OpenFOAM 中的喷雾子模型

从数学公式到 C++ 代码

本文下标 p 表示 parcel,g 表示 gas。

dispersion

传统 RANS 框架下的公式

粒子速度方程:

ddtxp=upddtup=CDτpRep24(ugup)=CDτpRep24vrel\begin{aligned} \frac{d}{dt} \mathbf{x}_{\mathbf{p}} &=\mathbf{u}_{\mathbf{p}} \\ \frac{d}{d t} \mathbf{u}_{\mathbf{p}} &=\frac{C_{D}}{\tau_{p}} \frac{R e_{p}}{24}\left(\mathbf{u}_{\mathbf{g}}-\mathbf{u}_{\mathbf{p}}\right)=\frac{C_{D}}{\tau_{p}} \frac{R e_{p}}{24} \mathbf{v}_{\mathbf{r e l}} \end{aligned}

其中的未知量CDC_D,vrel\mathbf{v}_{\mathbf{r e l}},τp\tau_{p} 计算如下:

CD=24Rep(1+16Rep2/3)Rep<1000CD=0.424Rep1000\begin{array}{ll} C_D=\dfrac{24}{Re_p}\left(1+\dfrac{1}{6} Re_p^{2/3}\right) & R e_{p}<1000 \\ C_D=0.424 & Re_p \geqslant 1000 \end{array}

Rep=ρgvreldp/μgR e_{p}=\rho_{g}\left|\mathbf{v}_{\mathrm{rel}}\right| d_{p} / \mu_{g}

vrel=u~+uup\mathbf{v}_{\mathrm{rel}}=\tilde{\mathbf{u}}+\mathbf{u}^{\prime}-\mathbf{u}_{\mathrm{p}}

τp=ρldp2/18ρgvg\tau_{p}=\rho_{l} d_{p}^{2} / 18 \rho_{g} v_{g}

u~\tilde{\mathbf{u}} 是气相速度,u\mathbf{u}^{\prime} is stochastic velocity vector accounting for turbulence dispersion of parcels via interaction with surrounding gases.
u\mathbf{u}^{\prime} 是高斯分布,均值等于 0,方差等于σ2=2k/3\sigma^2=2 k / 3

若随机变量X服从一个数学期望为 μ、方差为 σ^2 的正态分布,记为 N(μ,σ^2)。

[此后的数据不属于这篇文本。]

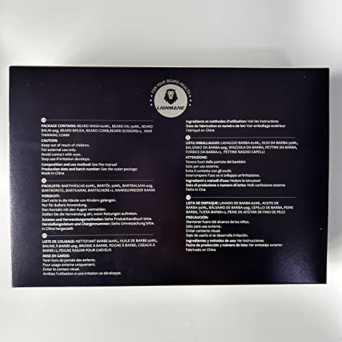 Complete Lionmane beard and mustache grooming kit with balm, wash, oil, brush, and scissors. Perfect for Christmas, birthdays, or anniversaries.
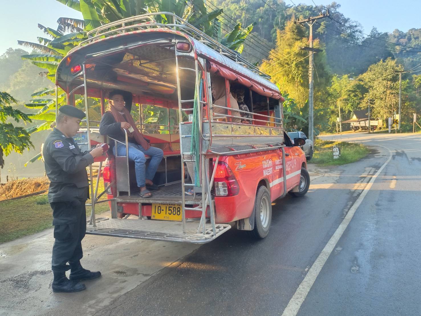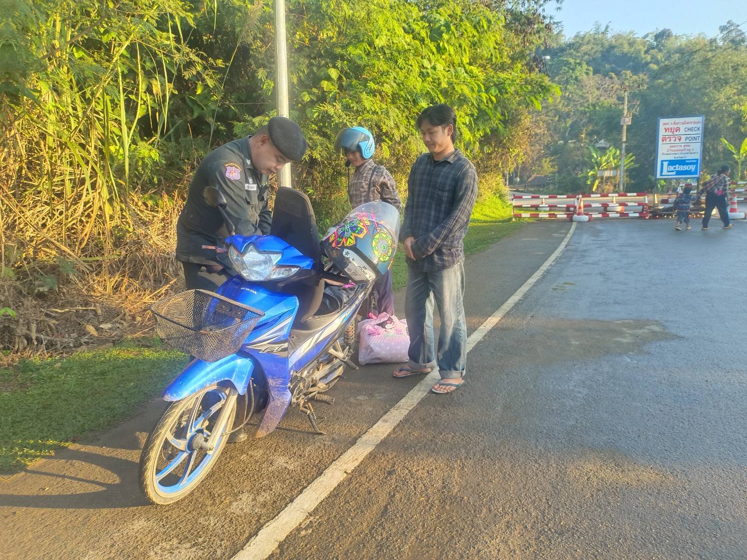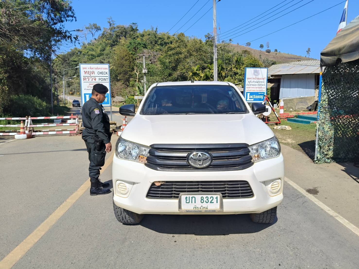 เมื่อ 310800-010759 ก.พ.69 ชฝต.บ้านแม่อมกิจัด กพ 3 นาย ทำการตั้งจุดตรวจ-จุดสกัด บนทางหลวงหมายเลข 105 (แม่สอด-แม่สะเรียง) บริเวณหน้าจุดตรวจบ้านแม่อมกิ ม.4 ต.แม่วะหลวง อ.ท่าสองยาง จ.ตาก เพื่อป้องกันปราบปรามอาชญากรรมสำคัญ การลักลอบลำเลียงยาเสพติด สารตั้งต้นและเคมีภัณฑ์,การปราบปรามคนร้ายข้ามชาติและเข้าเมืองโดยผิดกฎหมาย ป้องกันและควบคุมการลักลอบเคลื่อนย้ายสัตว์และซากสัตว์ ประชาสัมพันธ์ให้ประชาชนได้รับทราบ

In this way each component ofu\mathbf{u}^{\prime} is chosen randomly from the Gaussian distribution

G(up,i)=1σ2πexp(up,i2σ)2G\left(\mathbf{u}_{\mathbf{p}, \mathbf{i}}^{\prime}\right)=\frac{1}{\sigma \sqrt{2 \pi}} \exp \left(-\frac{\mathbf{u}_{\mathbf{p}, \mathbf{i}}^{\prime}}{2 \sigma}\right)^{2}

tturb=min(kε,Cpsk3/2ε1u~+uup)t_{t u r b}=\min \left(\frac{k}{\varepsilon}, C_{p s} \frac{k^{3 / 2}}{\varepsilon} \frac{1}{\left|\tilde{\mathbf{u}}+\mathbf{u}^{\prime}-\mathbf{u}_{p}\right|}\right)

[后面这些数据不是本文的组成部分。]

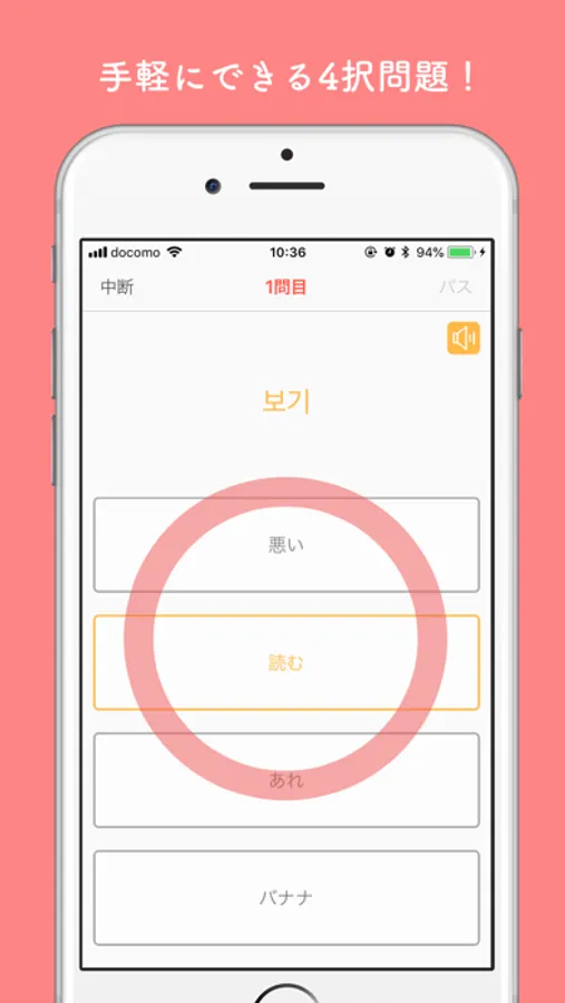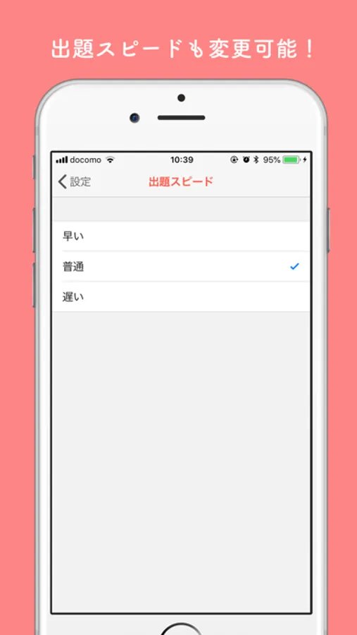 出題スピードを早めたい場合は、出題スピードを「早い」に設定し、さらに音声読み上げ機能をoffにすることで、問題と問題の間隔を最短にできます。
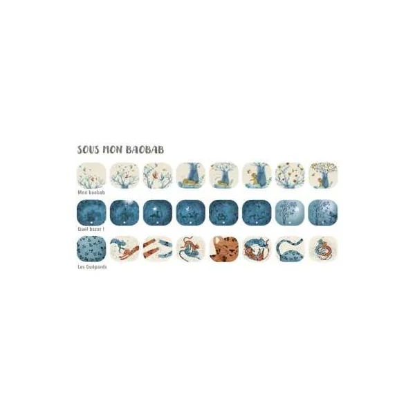 Là-bas au milieu de la savane, on aperçoit un lion, une girafe, un éléphant. Trois animaux attachants habillent une collection tendre et graphique. Dessinées à l’aquarelle par Elodie Coudray, les illustrations mettent en scène les personnages sur de jolies boites cadeaux et accessoires de décoration. Les couleurs sont naturelles et minérales, mélangeant l’ocre, le bleu et le terracotta, et les matières sont douces et résistantes: velours chiné, lin lavé ou lange coton.
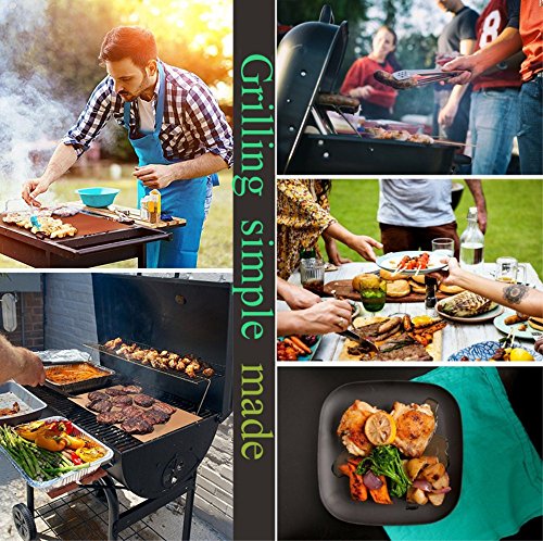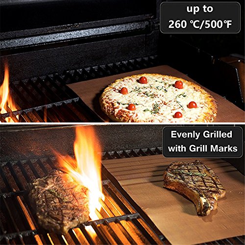 100% NON-STICK - Non-stick Teflon Heat Transfer Paper 100% Non-Stick means you can grill without grease and mats are reusable for years! Non-stick BBQ grill mat prevent even the smallest morsels from falling through the grates. Keep your grill looking brand-new and no more clean-up of your dirty grill!
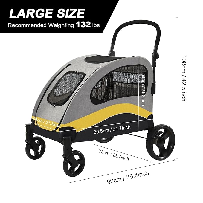 - Large Capacity of Pet Wagon】: The extra large dog strollers with spacious cabins can easily fit small dogs, medium dogs and large dogs up to 120lbs. It's especially friendly for someone who has a large pet , you can use this pet stroller to take your dog for vet visits/subway/shopping/hiking/traveling without having to carry them.
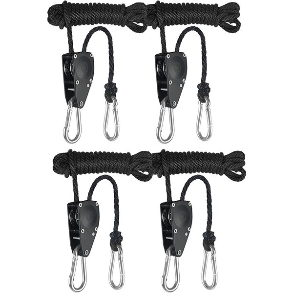* Specification: pair of 1/4inch heavy duty rope hangers, 8-feet long, 4 easy-to-use Carabiner clips. Up to 150-pound load capacity per ratchet, 300-pounds per pair

其中Cps=0.16432C_{ps}=0.16432

OF 中的 stochstic turbulence dispersion 模型代码

template<class CloudType>
Foam::vector Foam::StochasticDispersionRAS<CloudType>::update
(
const scalar dt,
const label celli,
const vector& U,
const vector& Uc,
vector& UTurb,
scalar& tTurb
)
{
Random& rnd = this->owner().rndGen();

const scalar cps = 0.16432;

const scalar k = this->kPtr_->primitiveField()[celli];
const scalar epsilon =
this->epsilonPtr_->primitiveField()[celli] + rootVSmall;

const scalar UrelMag = mag(U - Uc - UTurb);

const scalar tTurbLoc =
min(k/epsilon, cps*pow(k, 1.5)/epsilon/(UrelMag + small));


// Parcel is perturbed by the turbulence
if (dt < tTurbLoc)
{
tTurb += dt;

if (tTurb > tTurbLoc)
{
tTurb = 0;

const scalar sigma = sqrt(2*k/3.0);

// Calculate a random direction dir distributed uniformly
// in spherical coordinates

const scalar theta = rnd.scalar01()*twoPi;
const scalar u = 2*rnd.scalar01() - 1;

const scalar a = sqrt(1 - sqr(u));
const vector dir(a*cos(theta), a*sin(theta), u);

UTurb = sigma*mag(rnd.scalarNormal())*dir;
}
}
else
{
tTurb = great;
UTurb = Zero;
}

return Uc + UTurb;
}

这个函数在哪里被调用?答:

template<class ParcelType>
template<class TrackCloudType>
void Foam::KinematicParcel<ParcelType>::calcDispersion
(
TrackCloudType& cloud,
trackingData& td,
const scalar dt
)
{
td.Uc() = cloud.dispersion().update
(
dt,
this->cell(),
U_,
td.Uc(),
UTurb_,
tTurb_
);
}

这个 calcDispersion 函数,把 dispersion 模型中计算出来的 Uc + UTurb,即u~+u\tilde{\mathbf{u}}+\mathbf{u}^{\prime} 赋值给了 td.Uc(),即当前 parcel 所在位置的气相速度。
这里更新了传进去 UTurb_tTurb_,这两个数都是只用于当前这个函数,更新它们是为了下一步使用。
此函数最关键的用处就是更新了 td.Uc(),用于后续的 KinematicParcel::calcVelocity,见这篇本站博文

KinematicParcel::move 中调用了 p.calcDispersion(cloud, ttd, dt);

另外还有 SprayParcel::calcBreakup, breakup 之后,child->calcDispersion(cloud, td, dt);

其中的 UTurb 就是上边公式中的u\mathbf{u}^{\prime}Uc 是公式中的u~\tilde{\mathbf{u}}U 是公式中的upu_p


针对 LES 的 dispersion 模型

Tsang C-W, Kuo C-W, Trujillo M, et al. Evaluation and validation of large-eddy simulation sub-grid spray dispersion models using high-fidelity volume-of-fluid simulation data and engine combustion network experimental data[J]. International Journal of Engine Research, 2019, 20(6):583–605.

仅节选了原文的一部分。